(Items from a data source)

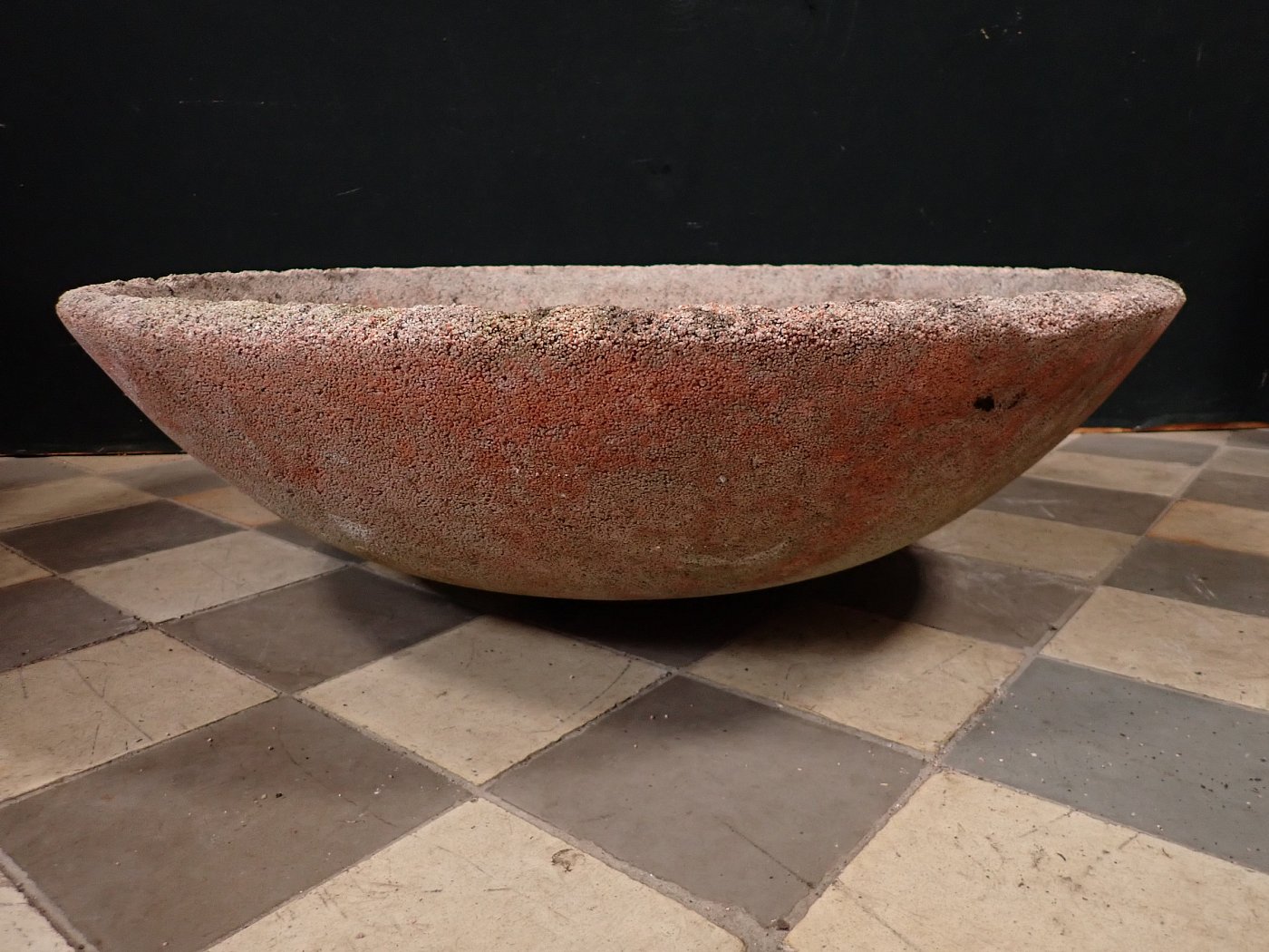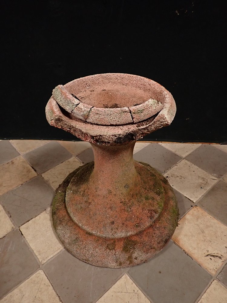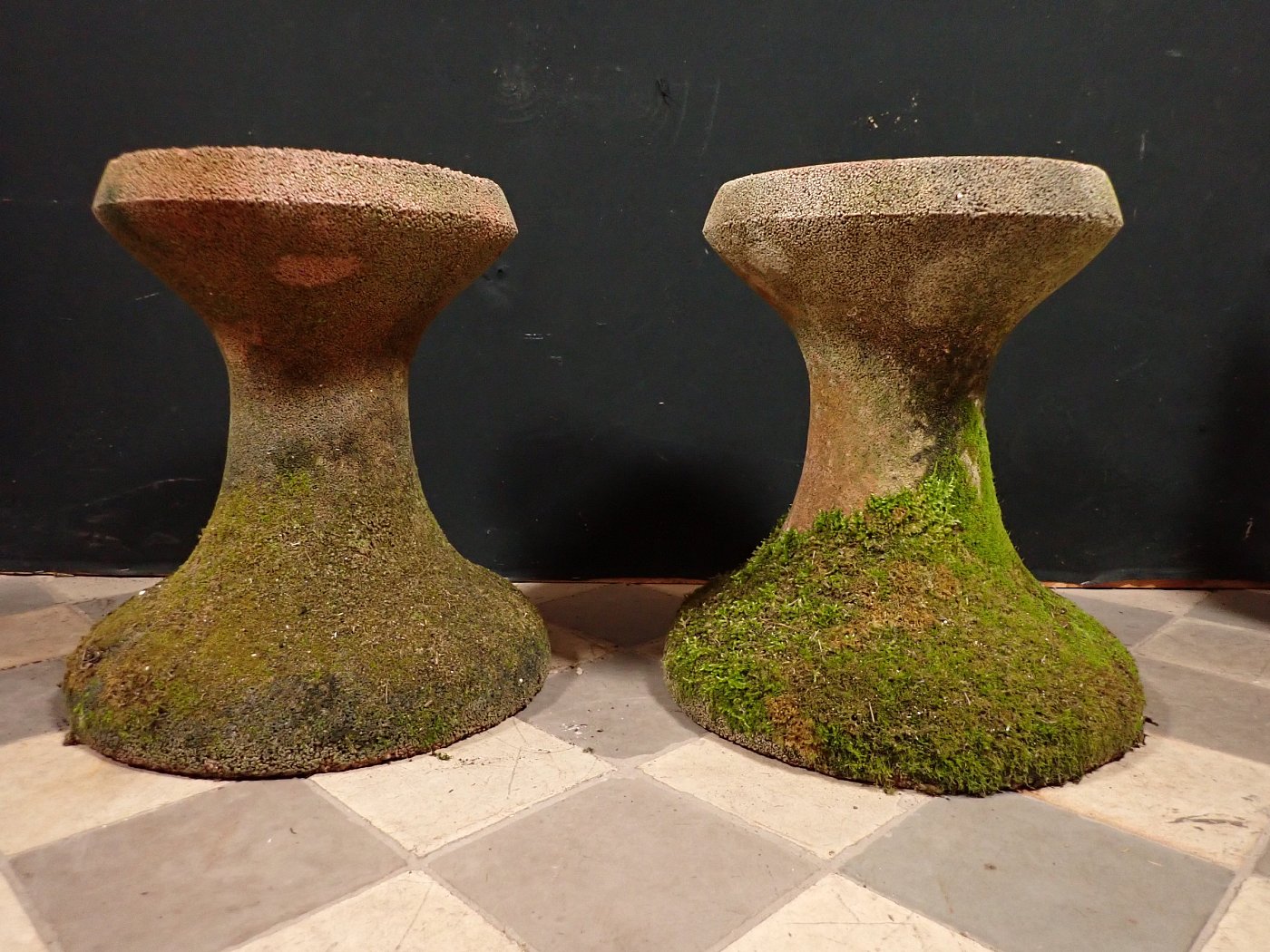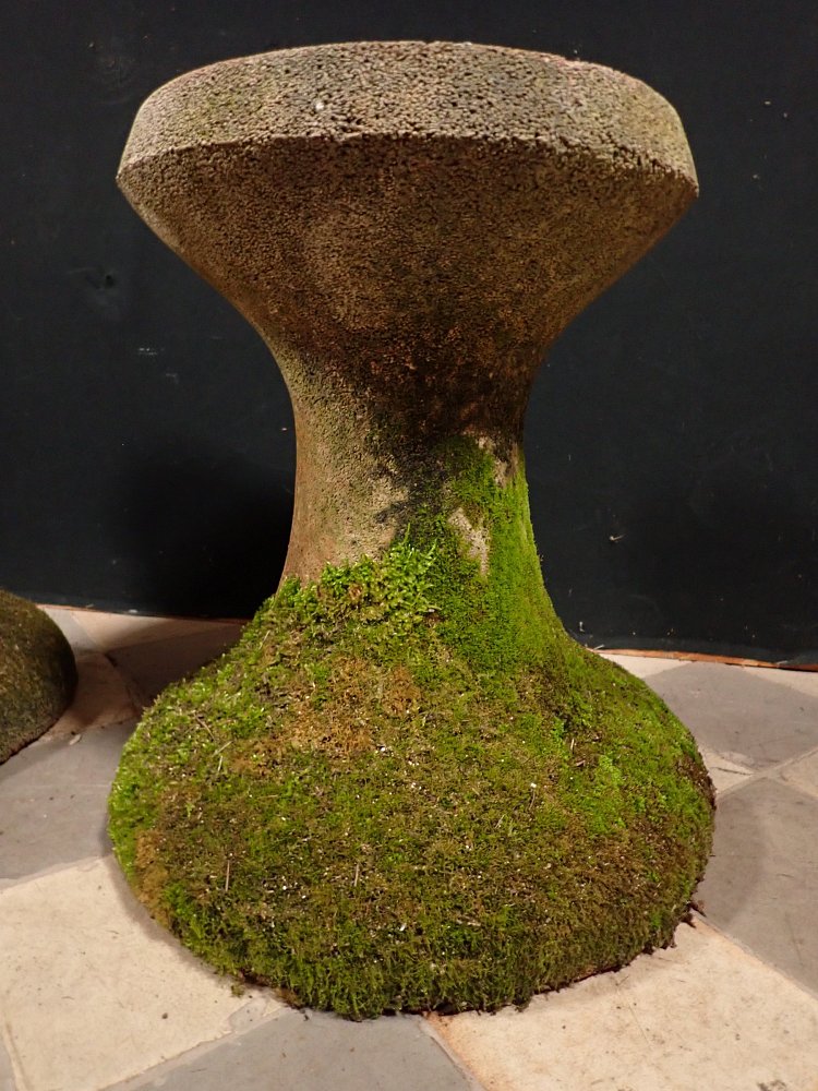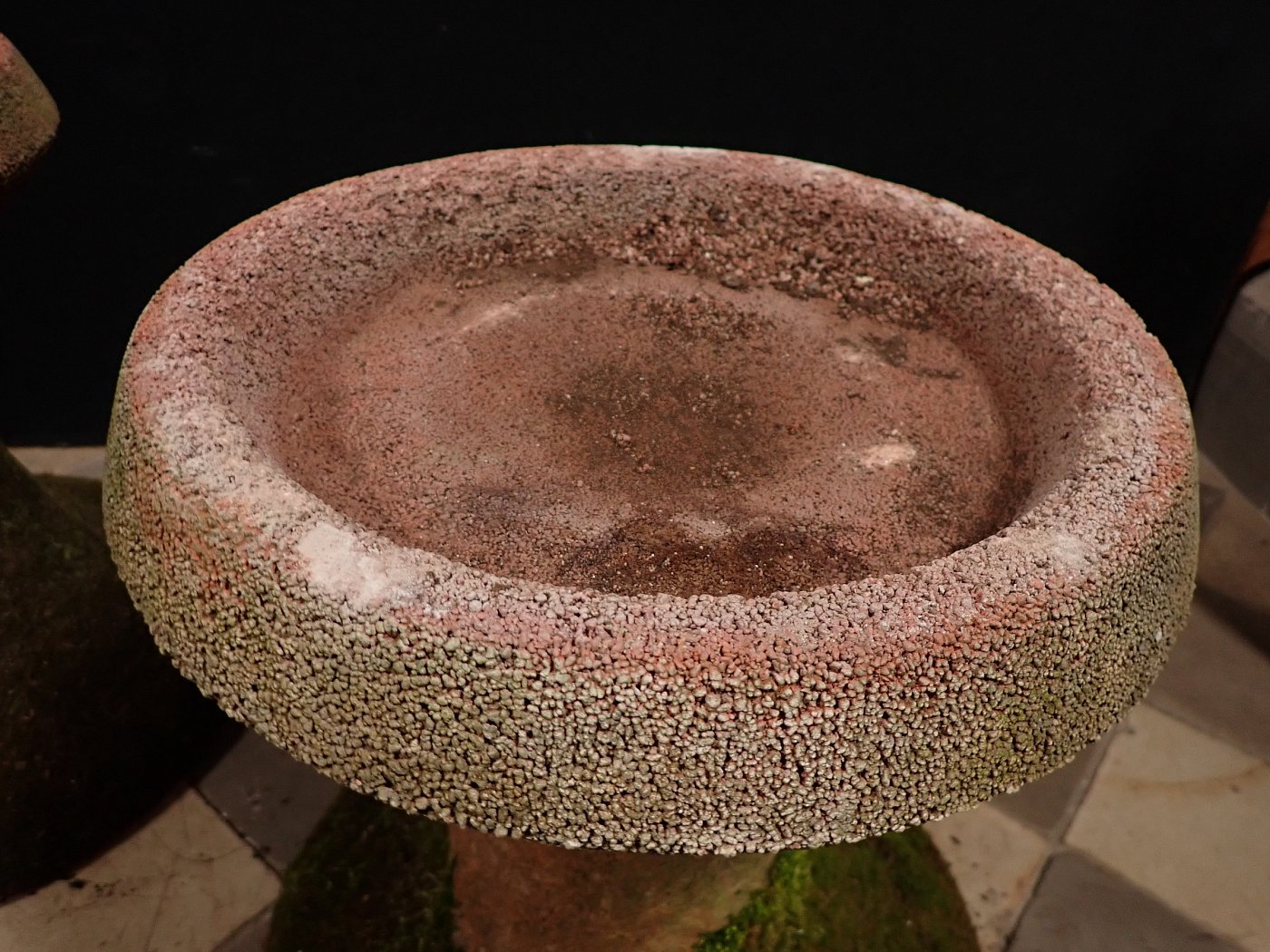 Das Blumenständerpaar ist aus Beton gegossen und hat eine leicht rötliche Färbung. Beim genauen Hinsehen entdeckt man eine grobe Struktur. Mit einer Reinigung und das Entfernen des Mooses kommt der Blumenständer wieder besser zur Geltung und ist einsetzbar auf dem Balkon oder im Garten.
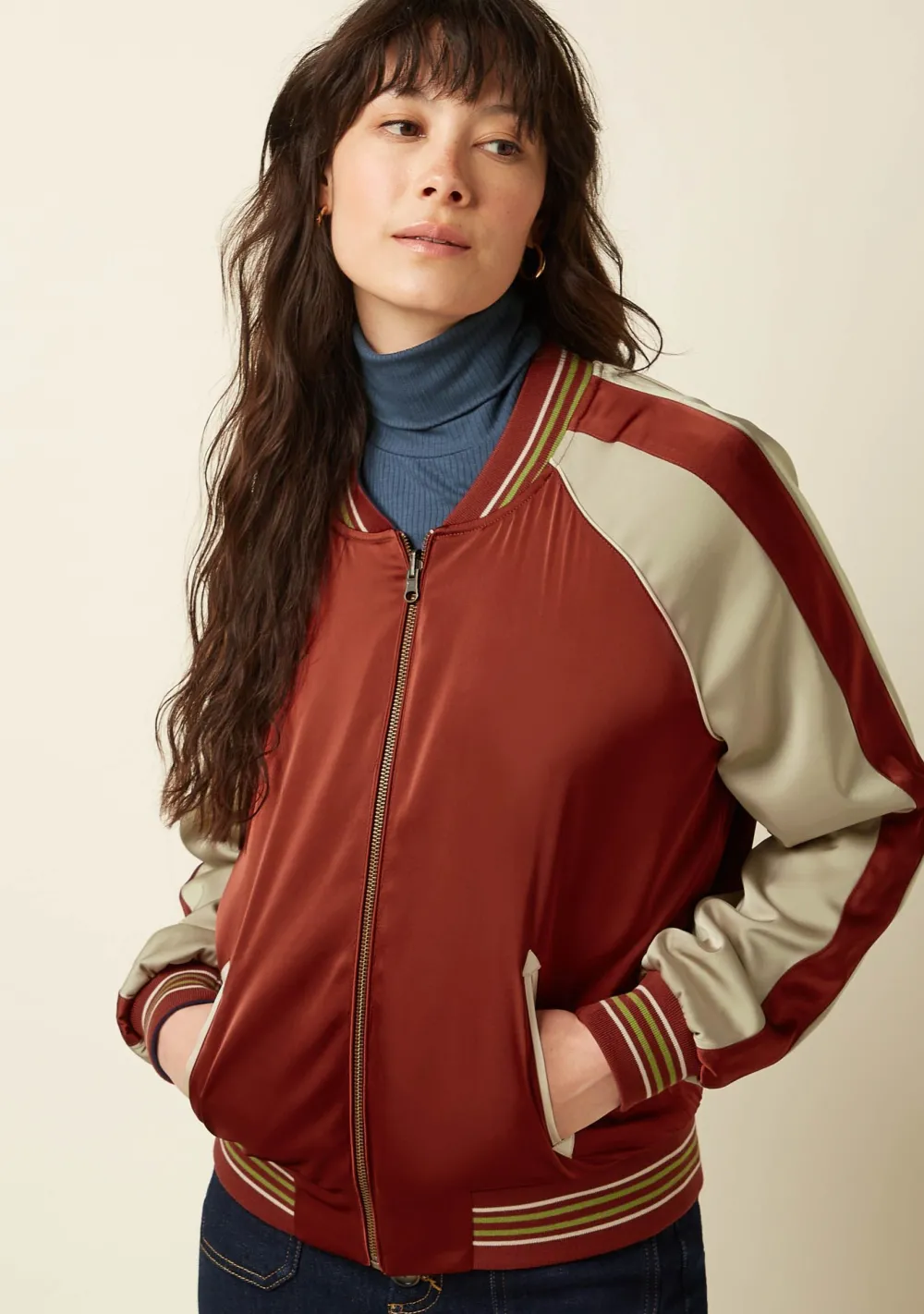 – Reversible bomber jack voorzien van steekzakken en een borduursel aan de achterzijde
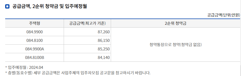 분양가는 약 8억4천만원에서 8억7천만원까지로 구성되어 있습니다.
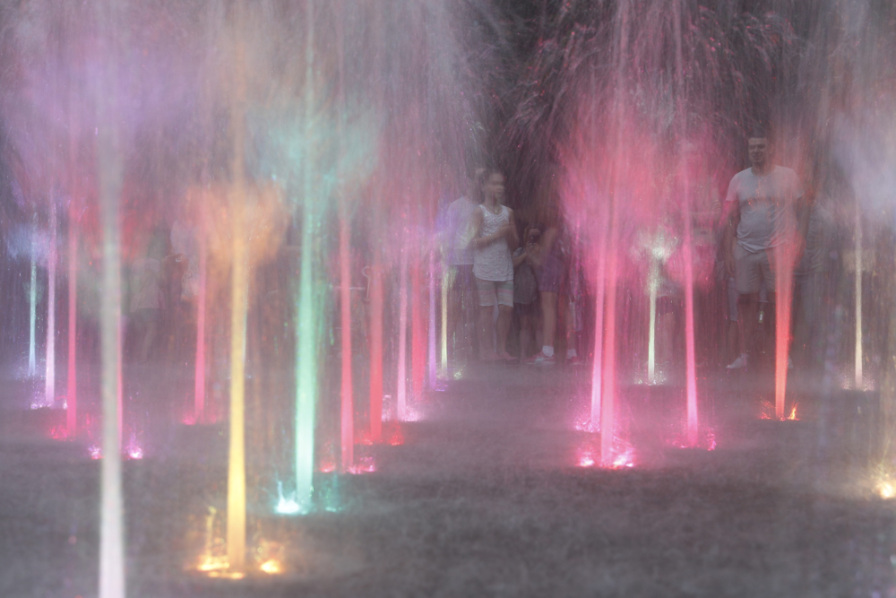В вечернее время включается подсветка. Кроме того, фонтан является интерактивным: нажимаете кнопку - и запускается другой сценарий.
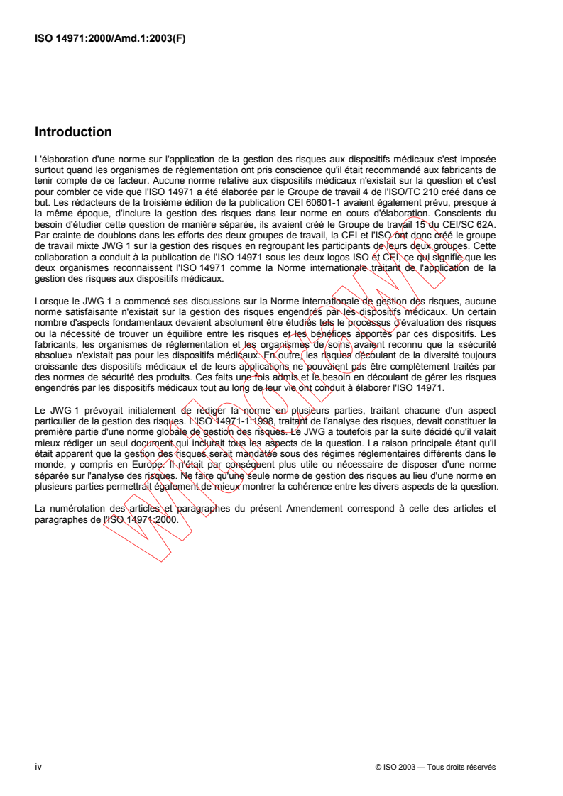 ISO 14971:2000/AMD1:2003 - Amendement 1 - Dispositifs médicaux - Application de la gestion des risques aux dispositifs médicaux Released:3/31/2003
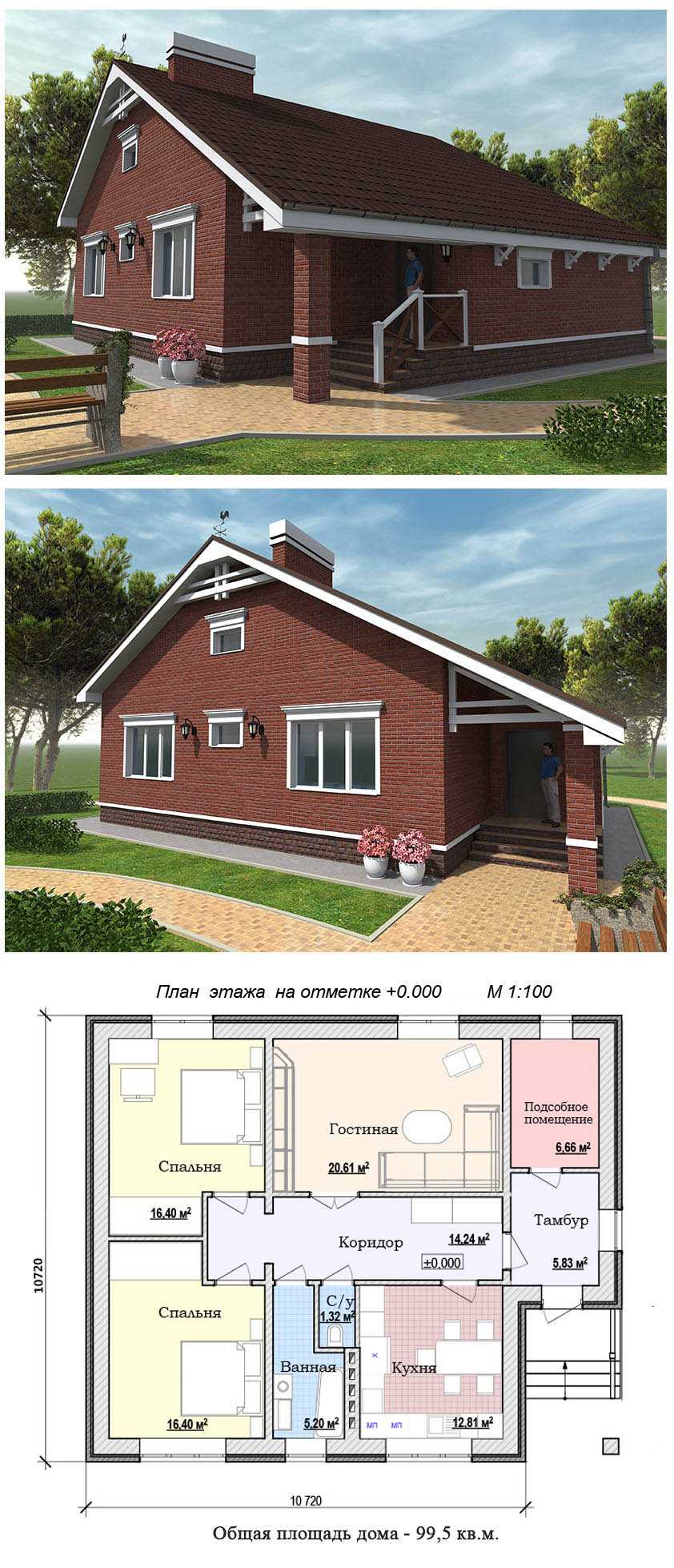 Одноэтажный дом 7*7,5 с пристроенной террасой
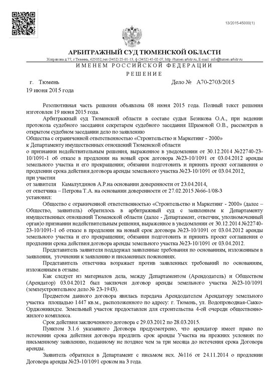 Соответственно, юристы нашей компании ведут дела очно в Арбитражных судах Тюменской области, Калининградской области, Омской области, Краснодарского края. Также участвуют в рассмотрении апелляционных и кассационных жалоб в Восьмом арбитражном апелляционном суде в городе Омске, в Пятнадцатом арбитражном апелляционном суде в городе Ростов-на-Дону, Арбитражном суде Северо-Кавказского округа в г. Краснодаре.
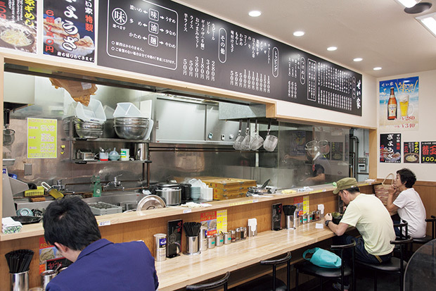 アットホームな雰囲気が漂うお店。クリーミーでクセになるスープをよりおいしく食べられるようにという思いから、卓上調味料が充実している。生玉ネギやニンニクなど、その日の気分で試したい。
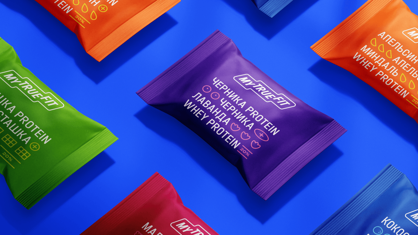 Лаконичная и яркая – такой стала этикетка для новой линейки My true fit. Функциональность – еще одна важная ее характеристика. При разработке продукта важно было создать полноценную систему, которая бы легко раскладывалась на все линейки марки, а также помогала потребителю разобраться во вкусах и формах выпуска продукта

[To do]
Going by the data above, give back only the lines from the one containing "aan de achterzijde" through the one containing "В вечернее время", exactly as they stand, both ends included and no images.

[Task result]
 – Reversible bomber jack voorzien van steekzakken en een borduursel aan de achterzijde
 분양가는 약 8억4천만원에서 8억7천만원까지로 구성되어 있습니다.
В вечернее время включается подсветка. Кроме того, фонтан является интерактивным: нажимаете кнопку - и запускается другой сценарий.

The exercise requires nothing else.